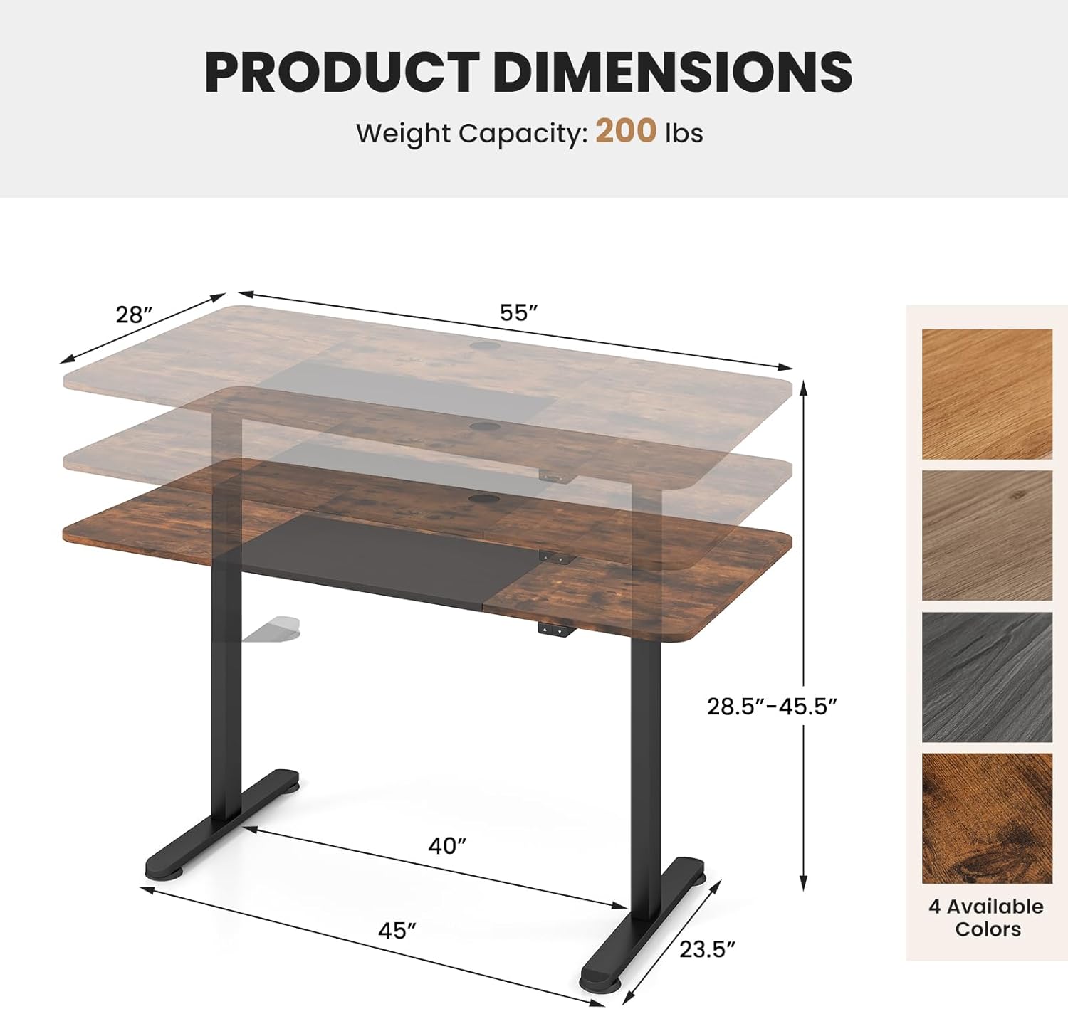 • Make Standing Work Possible: Tired of sitting for long hours? Take a look at this height-adjustable desk. The height of this sit-stand desk can be adjusted between 28.5"-45.5". Just press the control button next to the desk and you can adjust the height of the desk at any time for sitting or standing work.
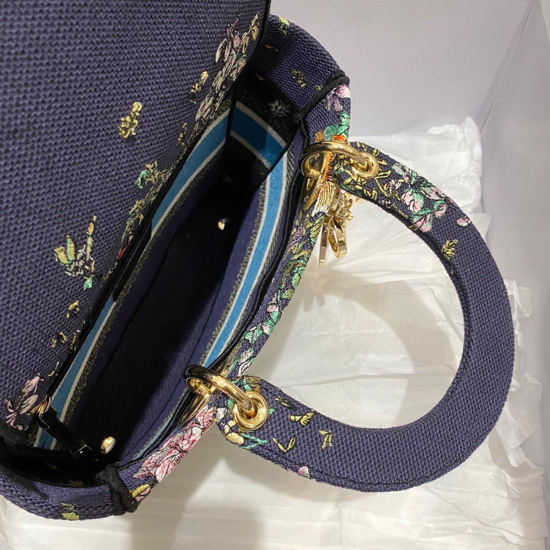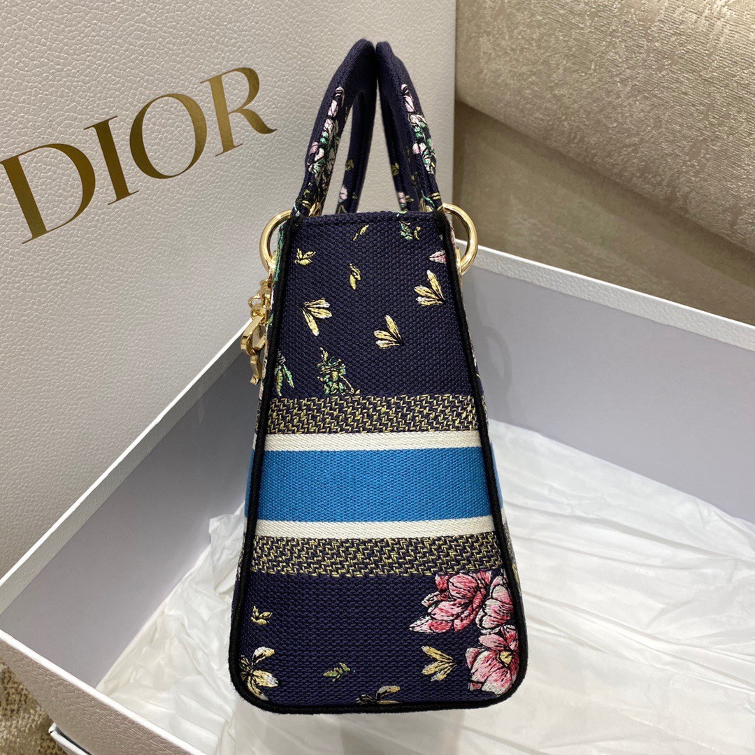 Dior Medium Lady D-Lite Bag In Blue D-Constellation Embroidery
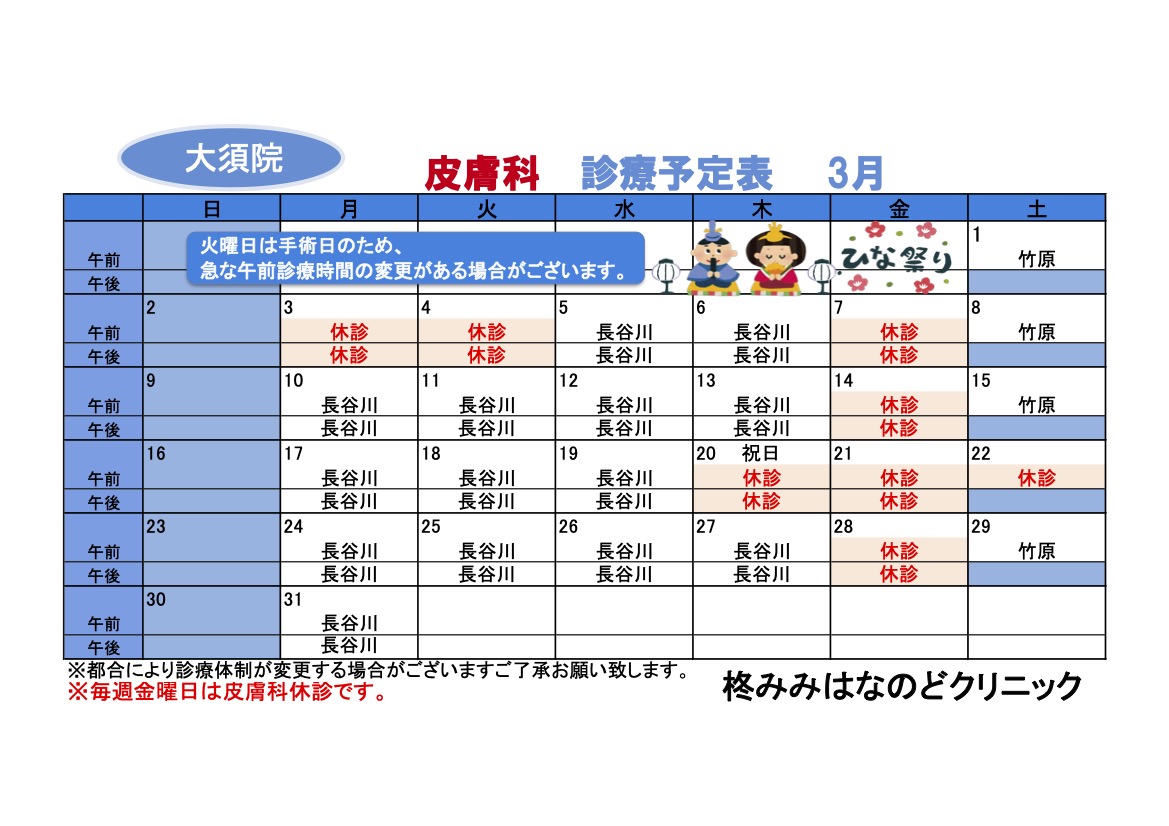 3月診療予定表
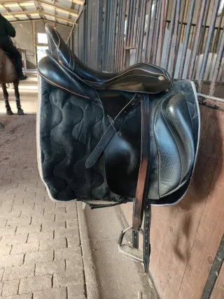 Montura de equitación, zaldi, modelo new kent, 18" con extra de gel en el asiento, de cuero negro, con detalles en contraste, estribos de seguridad, con cincha elástica. - Diseño elegante y funcional. - Material de cuero duradero.
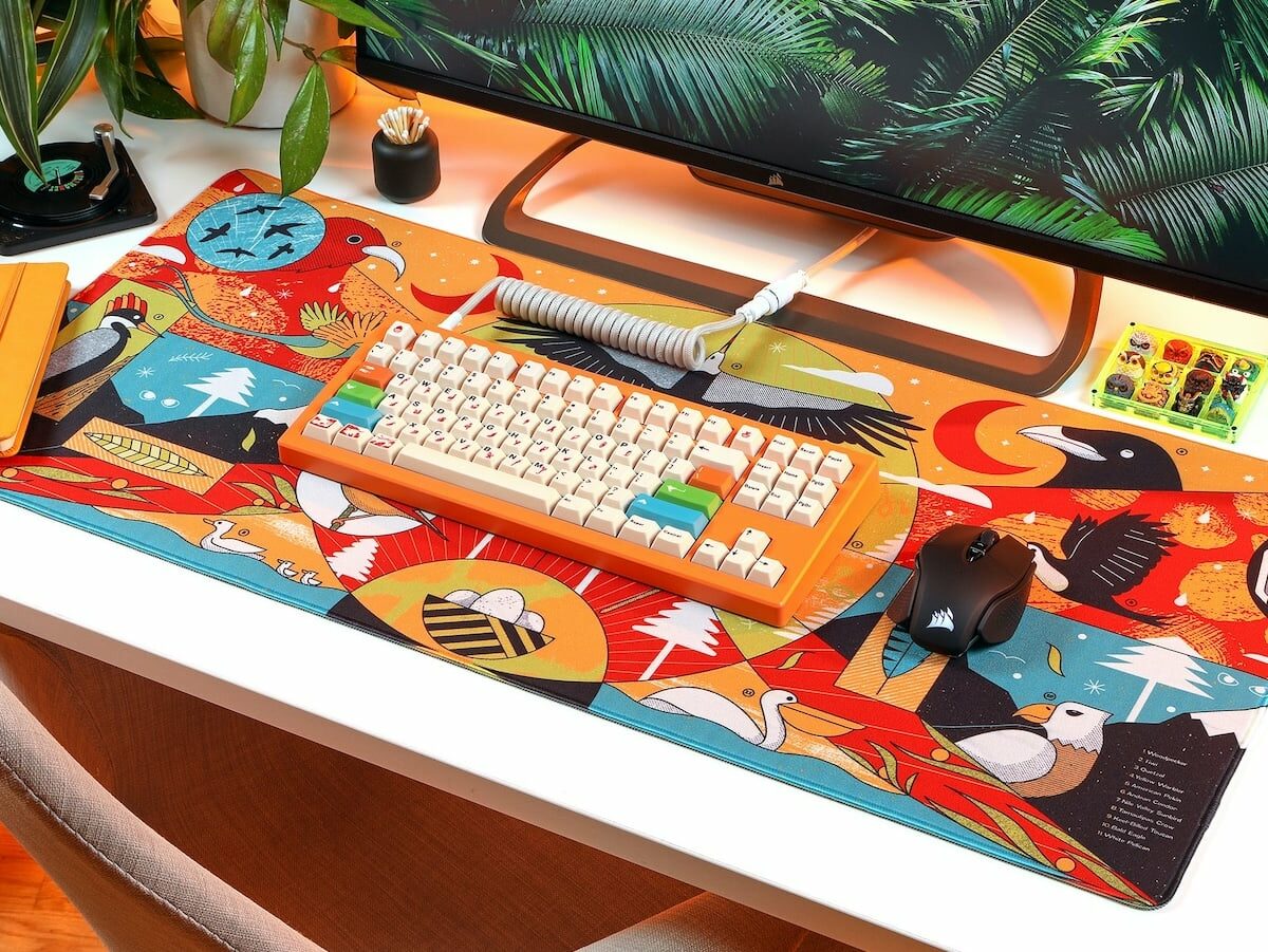Level up your desk’s aesthetics and functionality with the Drop + ArqKeebs DCD Bird Jungle Desk Mat with art.
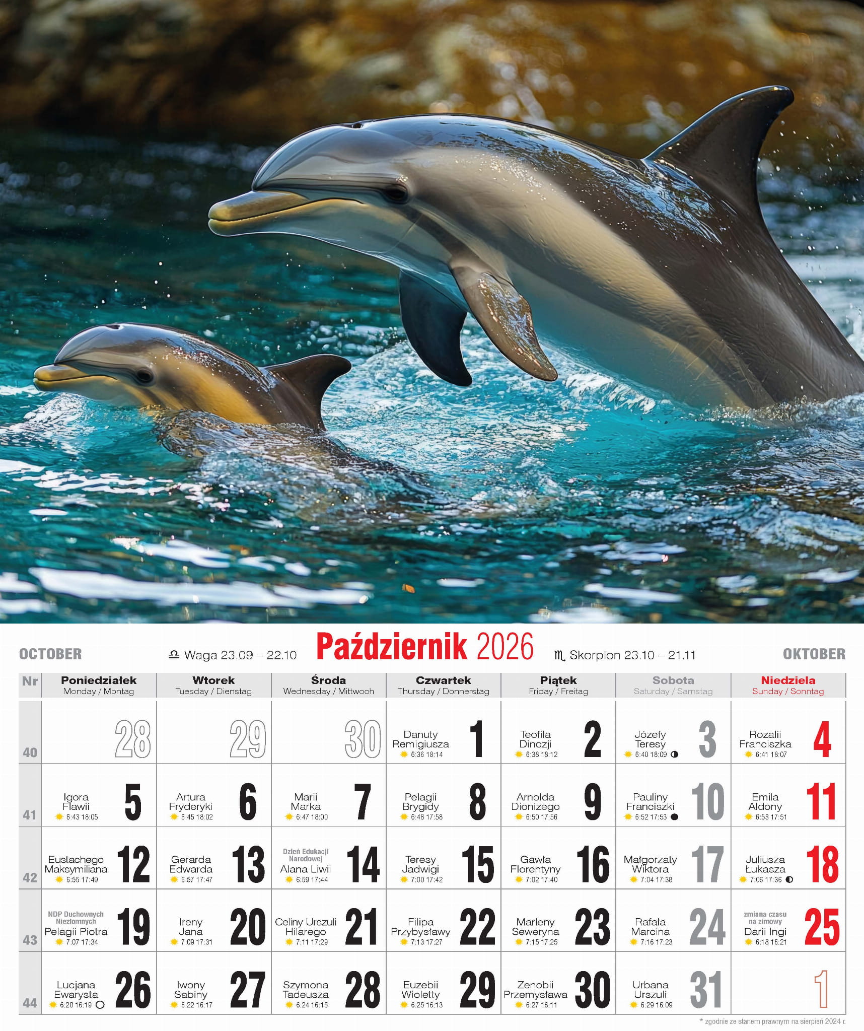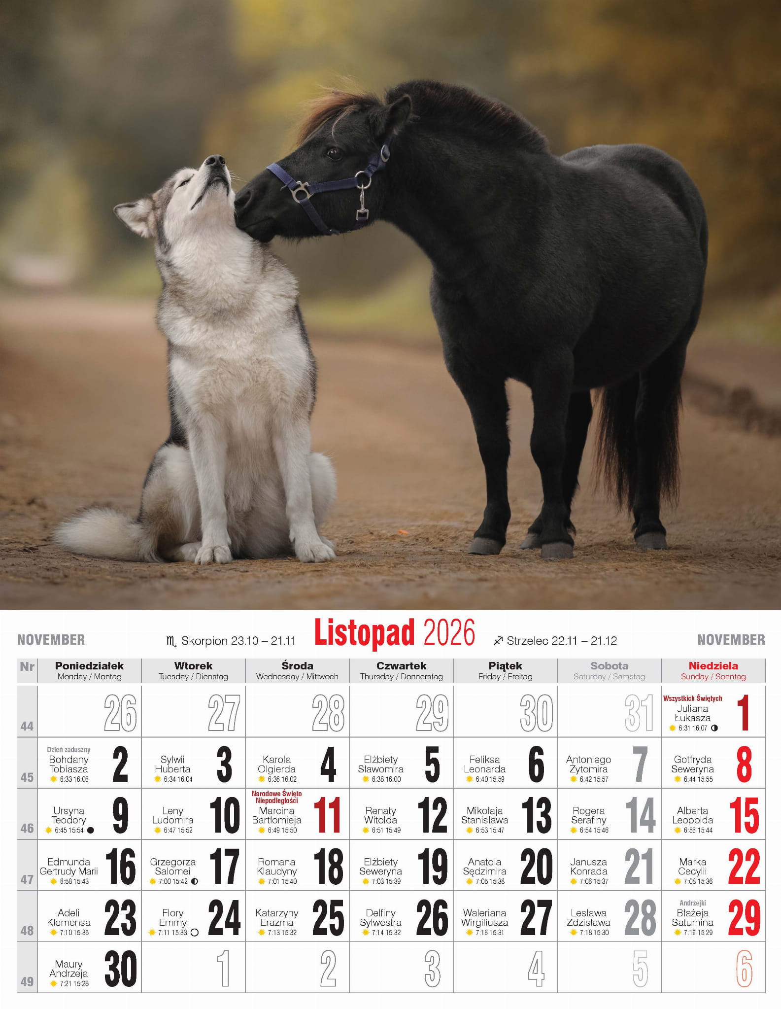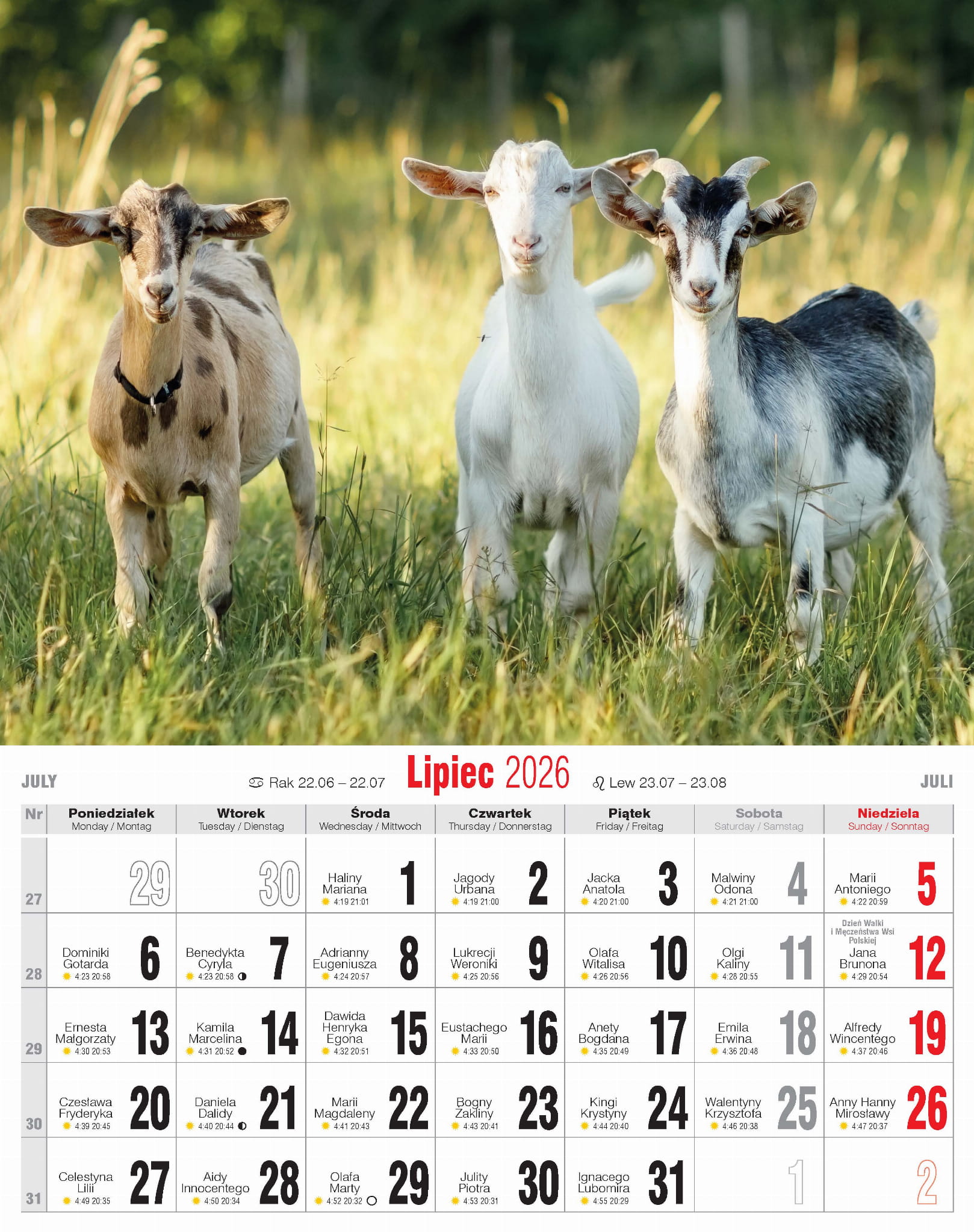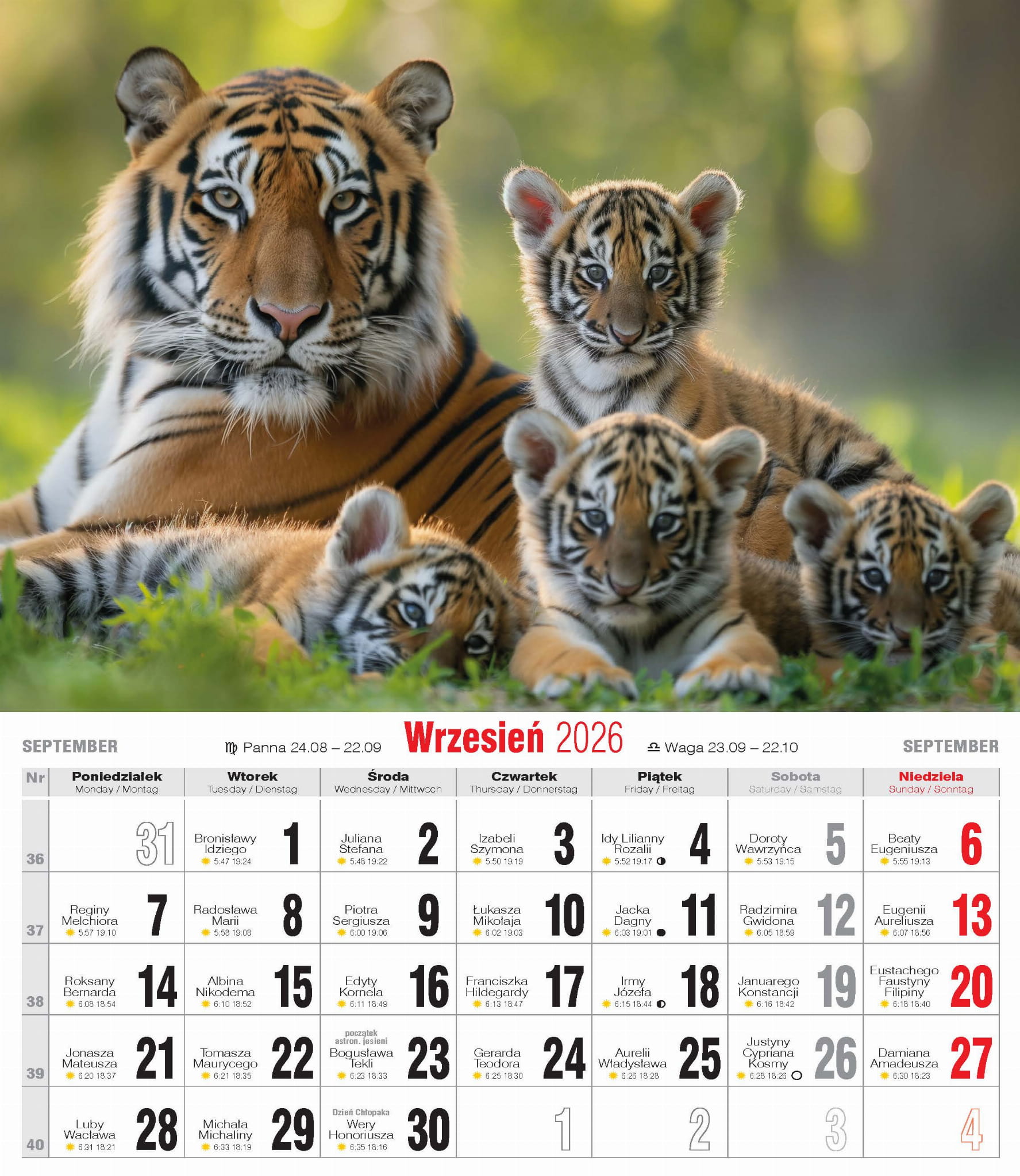 Wygodny, niewielki kalendarz ścienny, drukowany na papierze kredowym w oprawie spiralnej.

_ _ _ _

## [EXERCISE PROMPT]
Please copy every record above exactly, but leave the pictures out.

## [EXERCISE RESULT]
 • Make Standing Work Possible: Tired of sitting for long hours? Take a look at this height-adjustable desk. The height of this sit-stand desk can be adjusted between 28.5"-45.5". Just press the control button next to the desk and you can adjust the height of the desk at any time for sitting or standing work.
 Dior Medium Lady D-Lite Bag In Blue D-Constellation Embroidery
 3月診療予定表
 Montura de equitación, zaldi, modelo new kent, 18" con extra de gel en el asiento, de cuero negro, con detalles en contraste, estribos de seguridad, con cincha elástica. - Diseño elegante y funcional. - Material de cuero duradero.
Level up your desk’s aesthetics and functionality with the Drop + ArqKeebs DCD Bird Jungle Desk Mat with art.
 Wygodny, niewielki kalendarz ścienny, drukowany na papierze kredowym w oprawie spiralnej.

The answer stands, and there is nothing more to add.